● **Work required**
The lines below must be transcribed exactly as given, with the images removed.

● **Data shown**
▬▬▬▬▬▬▬▬▬▬

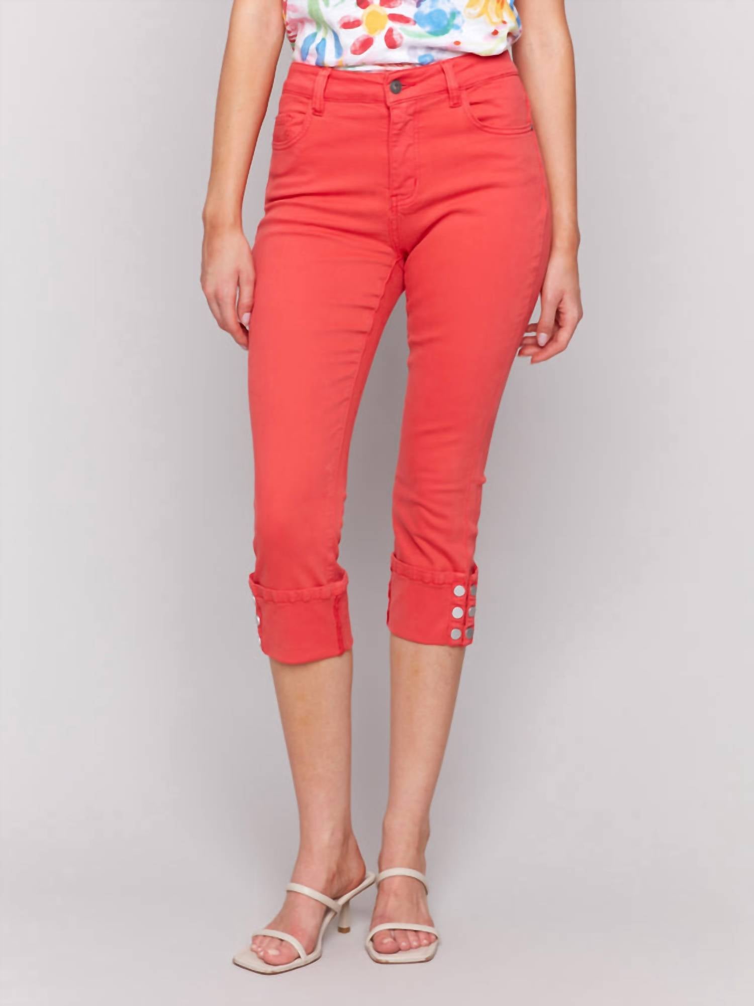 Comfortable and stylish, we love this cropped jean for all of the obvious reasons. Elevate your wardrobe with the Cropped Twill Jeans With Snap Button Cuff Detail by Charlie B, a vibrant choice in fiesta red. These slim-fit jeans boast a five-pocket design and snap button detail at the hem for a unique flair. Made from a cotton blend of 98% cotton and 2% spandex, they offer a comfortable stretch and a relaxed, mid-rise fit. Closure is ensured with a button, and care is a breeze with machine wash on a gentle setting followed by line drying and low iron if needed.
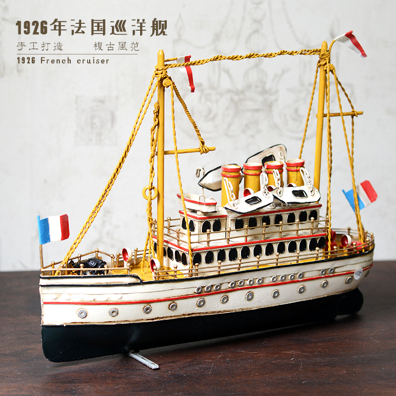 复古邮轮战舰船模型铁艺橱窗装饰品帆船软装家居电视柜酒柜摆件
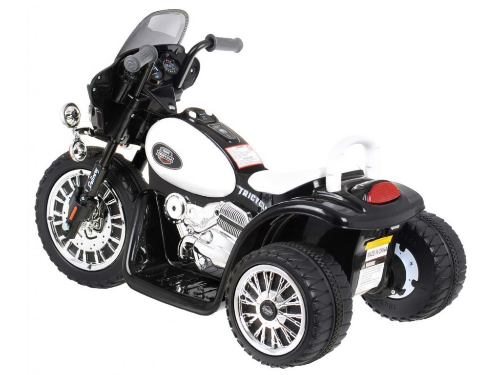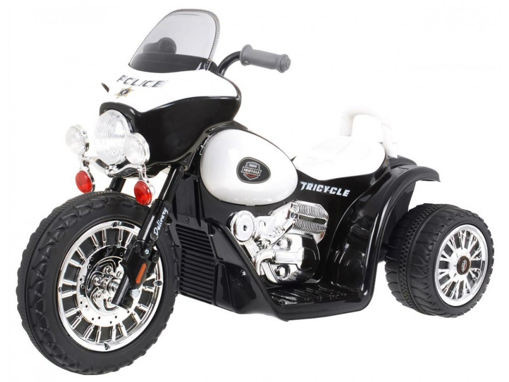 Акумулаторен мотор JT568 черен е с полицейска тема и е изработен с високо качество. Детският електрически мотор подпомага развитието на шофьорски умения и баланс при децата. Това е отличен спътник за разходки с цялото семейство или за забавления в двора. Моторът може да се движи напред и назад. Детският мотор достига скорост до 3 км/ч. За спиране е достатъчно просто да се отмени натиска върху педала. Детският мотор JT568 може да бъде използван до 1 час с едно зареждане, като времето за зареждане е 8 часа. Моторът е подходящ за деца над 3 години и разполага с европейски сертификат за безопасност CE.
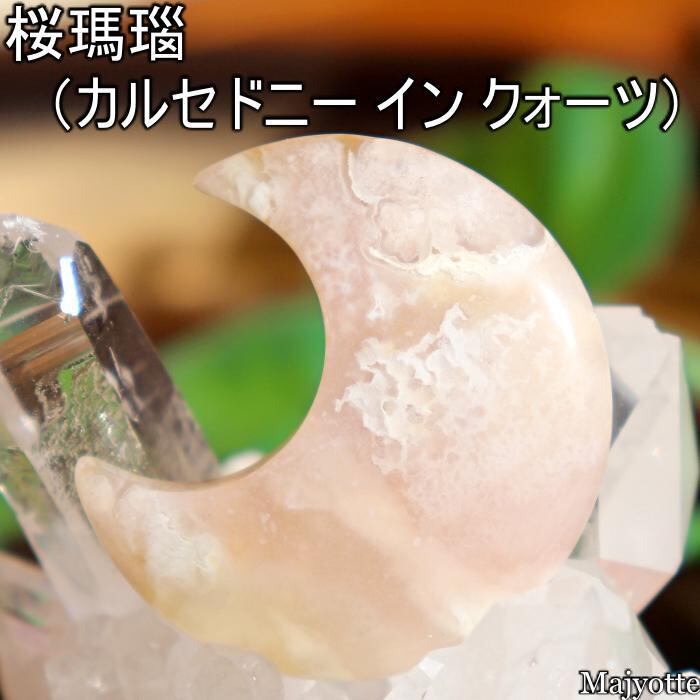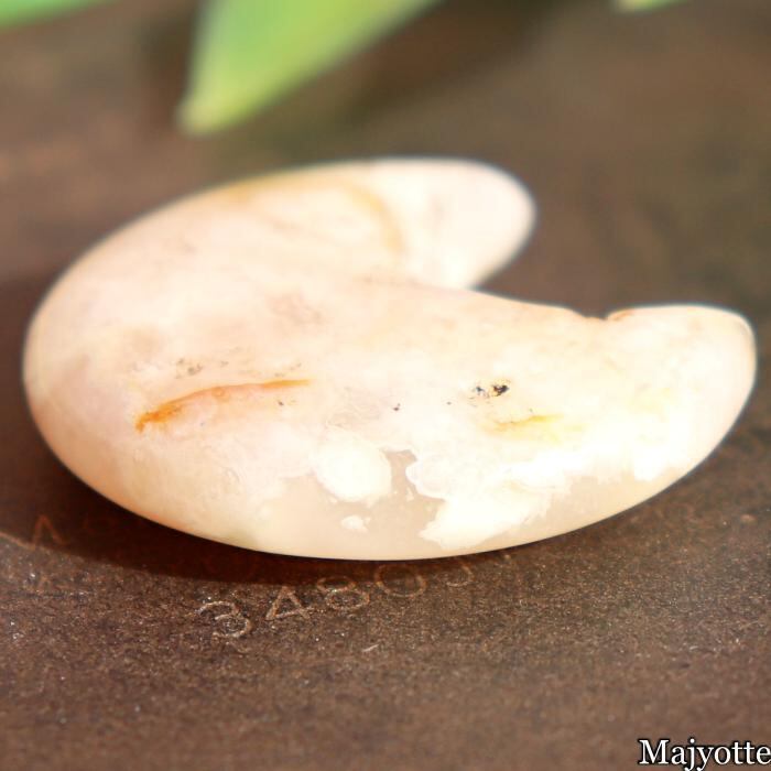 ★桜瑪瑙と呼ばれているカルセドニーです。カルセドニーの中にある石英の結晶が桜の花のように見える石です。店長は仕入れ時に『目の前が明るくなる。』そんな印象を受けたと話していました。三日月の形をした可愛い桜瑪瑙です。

▬▬▬▬▬▬▬▬▬▬

● **Result**
 Comfortable and stylish, we love this cropped jean for all of the obvious reasons. Elevate your wardrobe with the Cropped Twill Jeans With Snap Button Cuff Detail by Charlie B, a vibrant choice in fiesta red. These slim-fit jeans boast a five-pocket design and snap button detail at the hem for a unique flair. Made from a cotton blend of 98% cotton and 2% spandex, they offer a comfortable stretch and a relaxed, mid-rise fit. Closure is ensured with a button, and care is a breeze with machine wash on a gentle setting followed by line drying and low iron if needed.
 复古邮轮战舰船模型铁艺橱窗装饰品帆船软装家居电视柜酒柜摆件
 Акумулаторен мотор JT568 черен е с полицейска тема и е изработен с високо качество. Детският електрически мотор подпомага развитието на шофьорски умения и баланс при децата. Това е отличен спътник за разходки с цялото семейство или за забавления в двора. Моторът може да се движи напред и назад. Детският мотор достига скорост до 3 км/ч. За спиране е достатъчно просто да се отмени натиска върху педала. Детският мотор JT568 може да бъде използван до 1 час с едно зареждане, като времето за зареждане е 8 часа. Моторът е подходящ за деца над 3 години и разполага с европейски сертификат за безопасност CE.
 ★桜瑪瑙と呼ばれているカルセドニーです。カルセドニーの中にある石英の結晶が桜の花のように見える石です。店長は仕入れ時に『目の前が明るくなる。』そんな印象を受けたと話していました。三日月の形をした可愛い桜瑪瑙です。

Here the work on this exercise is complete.